The discussion of the
Amended Standstill Agreement set forth under this Item 2.04 is qualified in its entirety by reference to the complete terms and
conditions as set forth in the Amended Standstill Agreement which was filed as Exhibit 10.1 to the Current Report on Form 8-K dated
February 12, 2020, and incorporated by reference into this Item 2.04.
Cautionary Note Regarding Forward-Looking
Statements
This report includes
statements that may constitute “forward-looking statements,” including expectations regarding the Company’s business, the path and milestones for executing a sale of the Company’s
business, potentially through the filing of Chapter 11 cases under the U.S. Bankruptcy Code, the Company’s continued engagement
in discussions with the Standstill Lenders regarding the Sale Process and other statements regarding the Company’s plans
and strategy. When used in this document, the words “will,” “expect,” “continue,” “believe,”
“anticipate,” “estimate,” “intend,” “could,” “strives” and similar
expressions are generally intended to identify forward-looking statements. These statements are made pursuant to the safe harbor
provisions of Section 27A of the Securities Act of 1933, as amended, and Section 21E of the Securities Exchange Act of 1934, as
amended. A number of important factors could cause actual results of the Company and its subsidiaries to differ materially from
those indicated by such forward-looking statements.

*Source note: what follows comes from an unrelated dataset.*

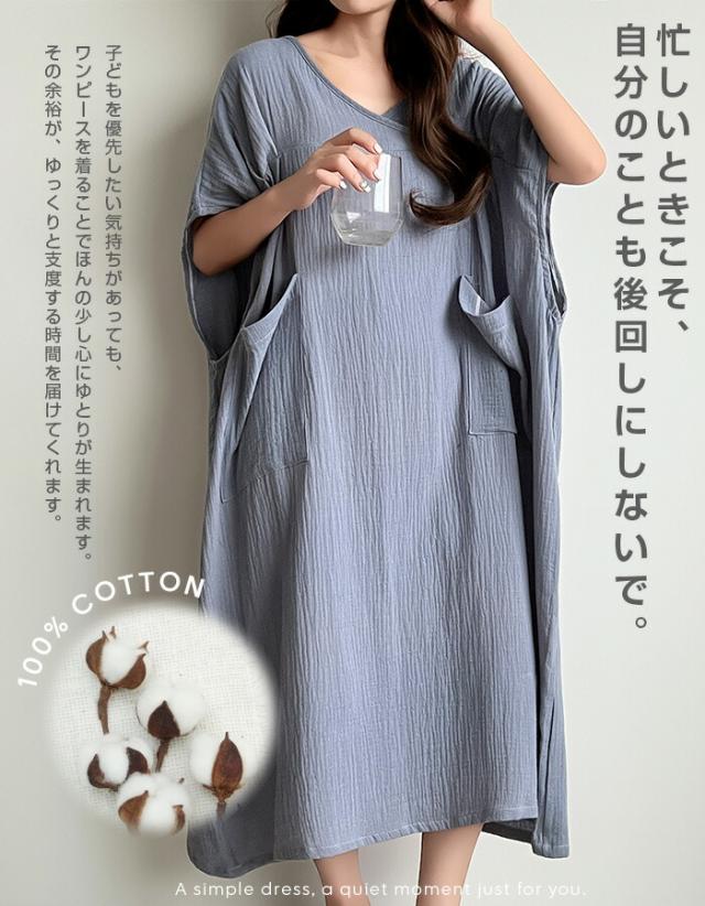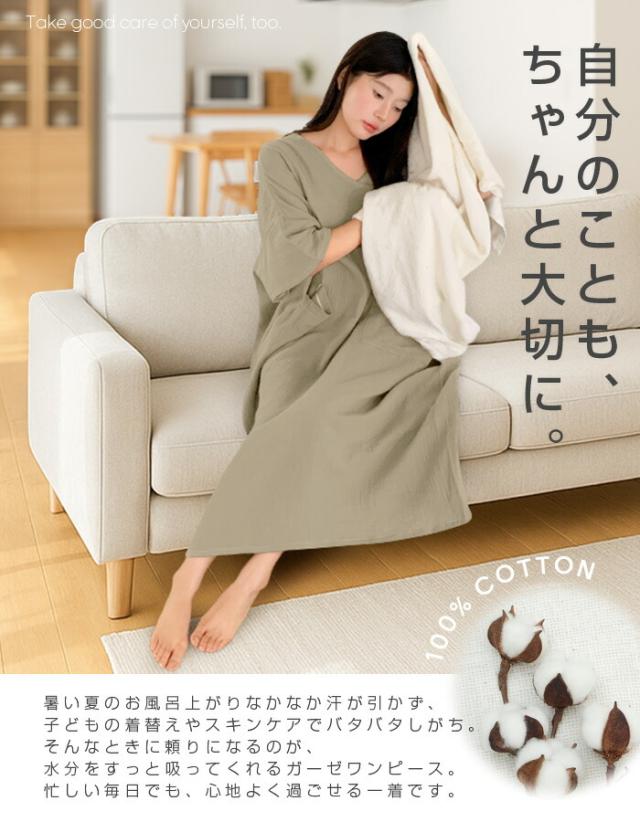 肌に優しい綿100%素材を使用したガーゼワンピース。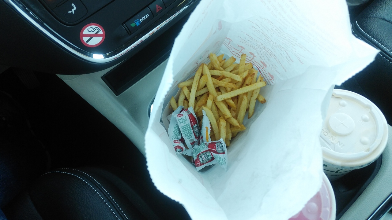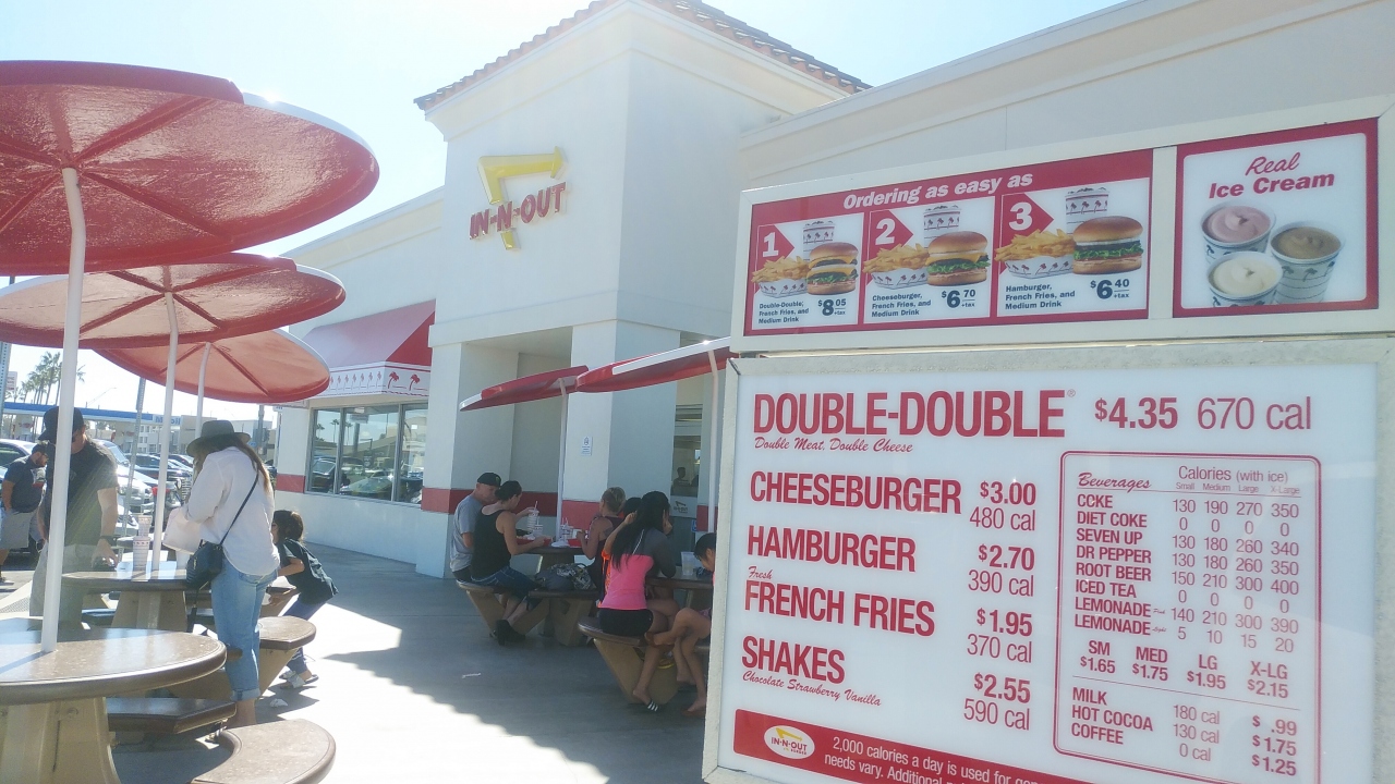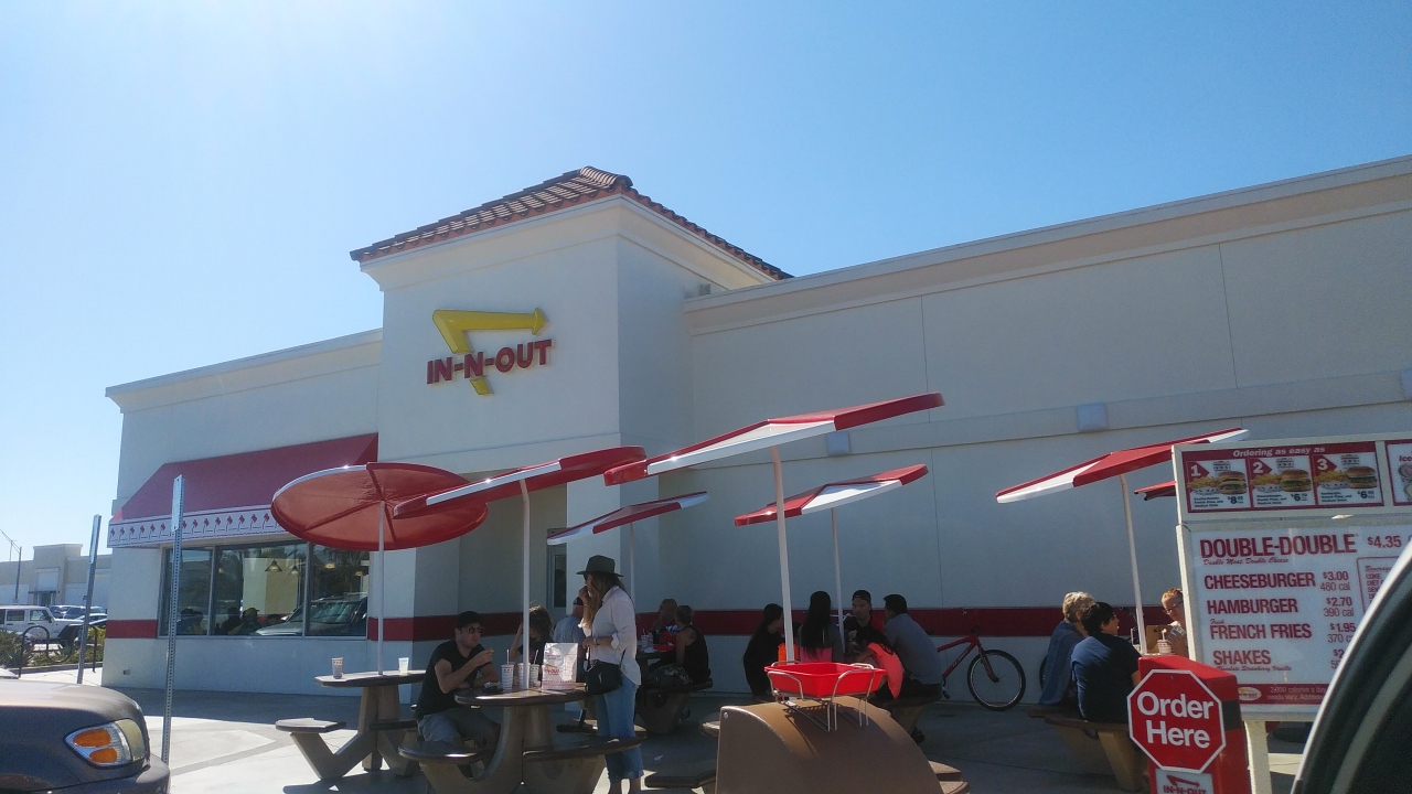 カリフォルニアのキンプトンにあるビーチのホテルに2泊してサーフィンをした後に、西海岸で1番美味しいハンバーグと聞いたので行ってみました。まず店内は満員なのでドライブスルーに並びましたが多かったです。店員が外で並んでいる車から順番に注文を聞き無線で連絡して、料金を払う窓口を通り、別の窓口で注文したものを受け取るシステムでした。

These factors include, but are not limited to: (i) the
effect of the Delaware Court of Chancery's October 1, 2018 decision against the Company and the Delaware Supreme Court's December
7, 2018 order affirming the Chancery Court's decision on the Company’s ability to retain and hire key personnel, its ability
to maintain relationships with its customers, suppliers and others with whom it does business, or its operating results and business
generally, (ii) the risk that ongoing or future litigation against the defendants or related to the Chancery Court’s
decision and Delaware Supreme Court’s affirmation may result in significant costs of defense, indemnification and/or liability,
(iii) the outcome of the investigation conducted by the Company with the assistance of outside consultants, into alleged breaches
of FDA data integrity requirements relating to product development at the Company and any actions taken by the Company, third parties
or the FDA as a result of such investigations, (iv) the difficulty of predicting the timing or outcome of product development efforts,
including FDA and other regulatory agency approvals and actions, if any, (v) the timing and success of product launches, (vi) difficulties
or delays in manufacturing, (vii) the Company’s increased indebtedness and compliance with certain covenants and other obligations
under the Amended Standstill Agreement, which create material uncertainties and risks to its growth and business outlook, (viii)

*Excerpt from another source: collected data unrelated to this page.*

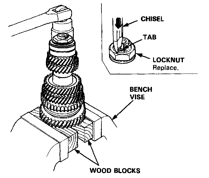 1. Securely clamp the countershaft assembly in a bench vise with wood blocks.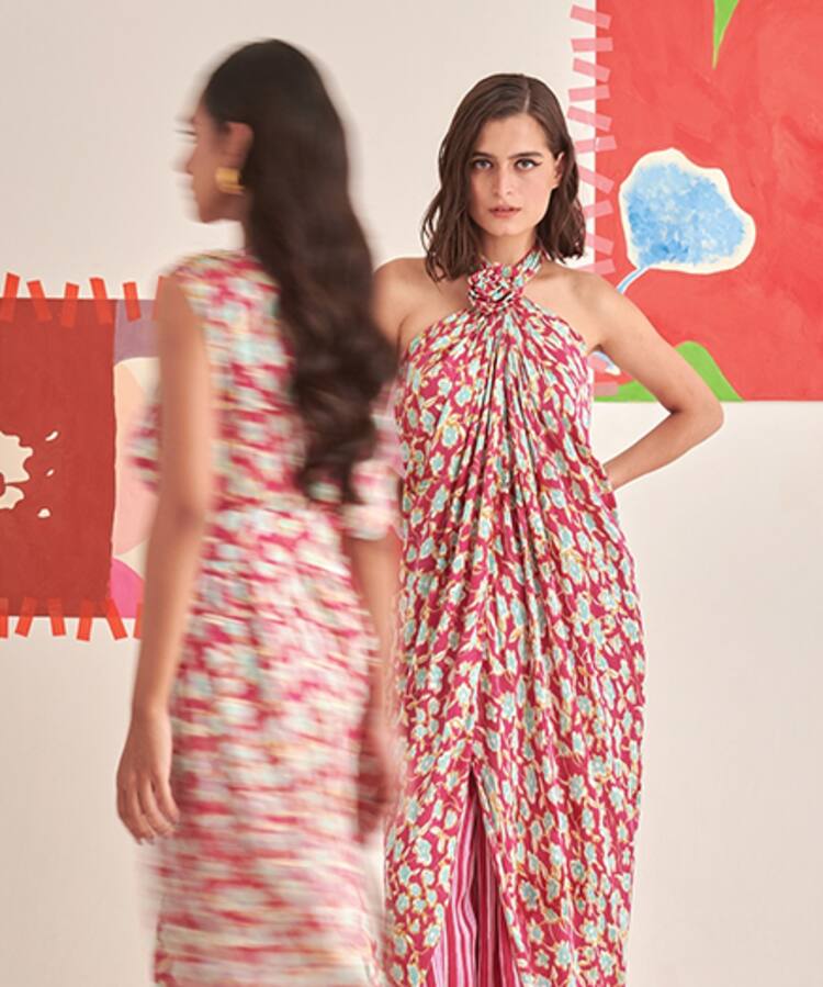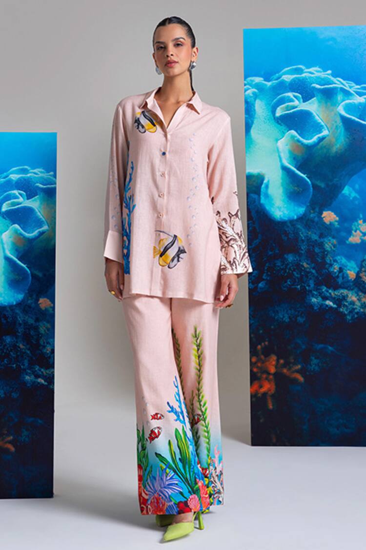 Multi Color Modal, Silk Collared Abstract Print Shirt And Pant Set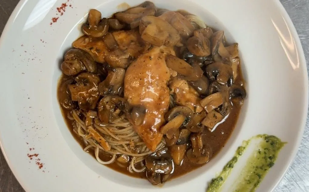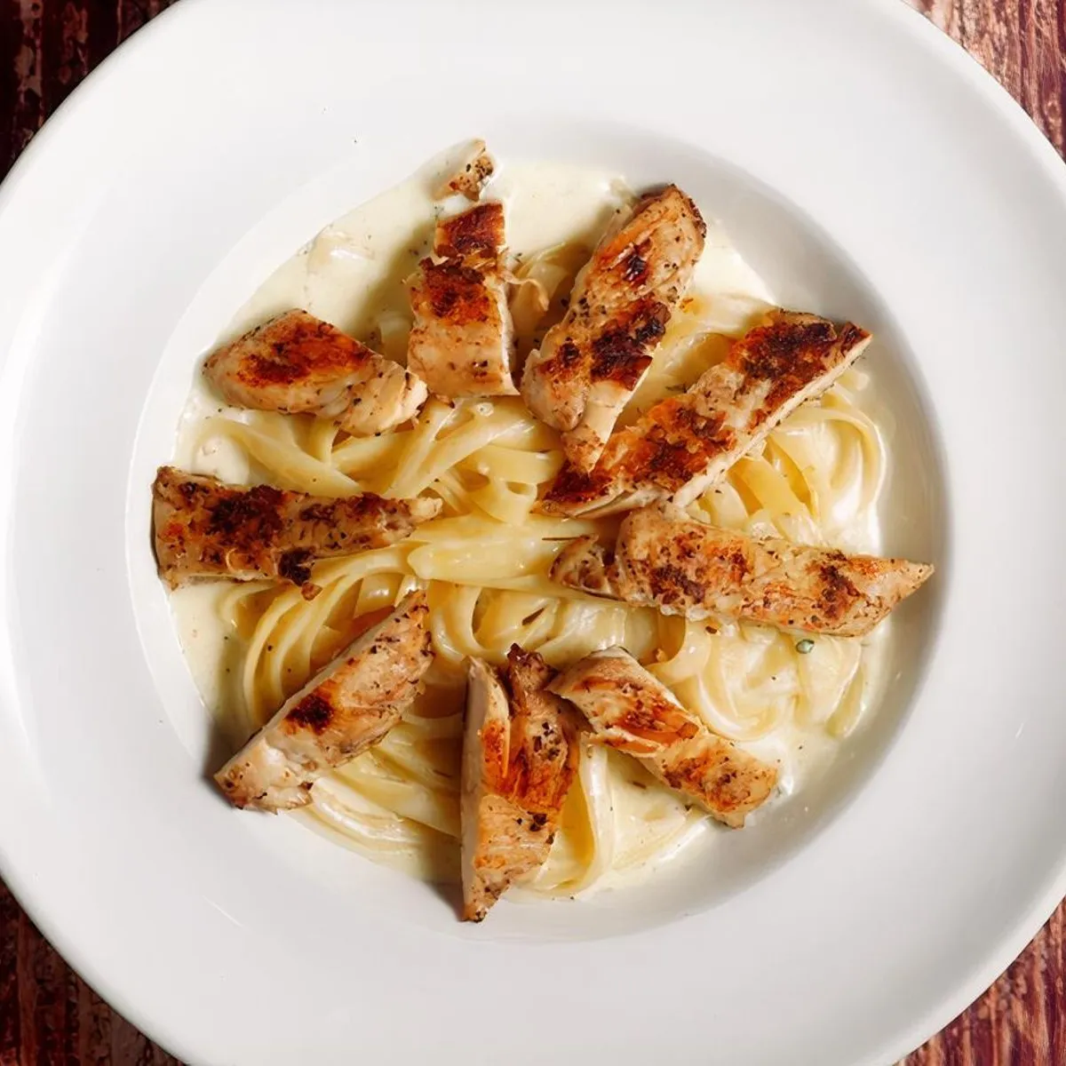 Grilled Chicken, Green Peppers, Onions, Jalapenos, Spinach, Tomatoes, Alfredo Sauce, Linguini Pasta.

the Company’s obligation under the Amended Standstill Agreement to pay certain fees and expenses and increased interest margin,
(ix) the Company's exploration of strategic alternatives, including the alternatives of seeking to restructure its indebtedness
and/or implement a strategic transaction (including a sale of its assets) with the protections of a filing under Chapter 11 of
the U.S. Bankruptcy Code, (x) the risk that the insurance proceeds, common shares or other consideration to be delivered pursuant
to the settlement agreement entered into and approved by the court in connection with the previously disclosed securities class
action is not available at the appropriate time and (xi) such other risks and uncertainties outlined in the risk factors detailed
in Part I, Item 1A, “Risk Factors,” of the Company's Annual Report on Form 10-K for the fiscal year ended December
31, 2019 (as filed with the Securities and Exchange Commission (“SEC”) on February 26, 2020) and other risk factors
identified from time to time in the Company’s filings with the SEC. Readers should carefully review these risk factors, and
should not place undue reliance on the Company’s forward-looking statements. These forward-looking statements are based on
information, plans and estimates at the date of this report. The Company undertakes no obligation to update any forward-looking
statements to reflect changes in underlying assumptions or factors, new information, future events or other changes.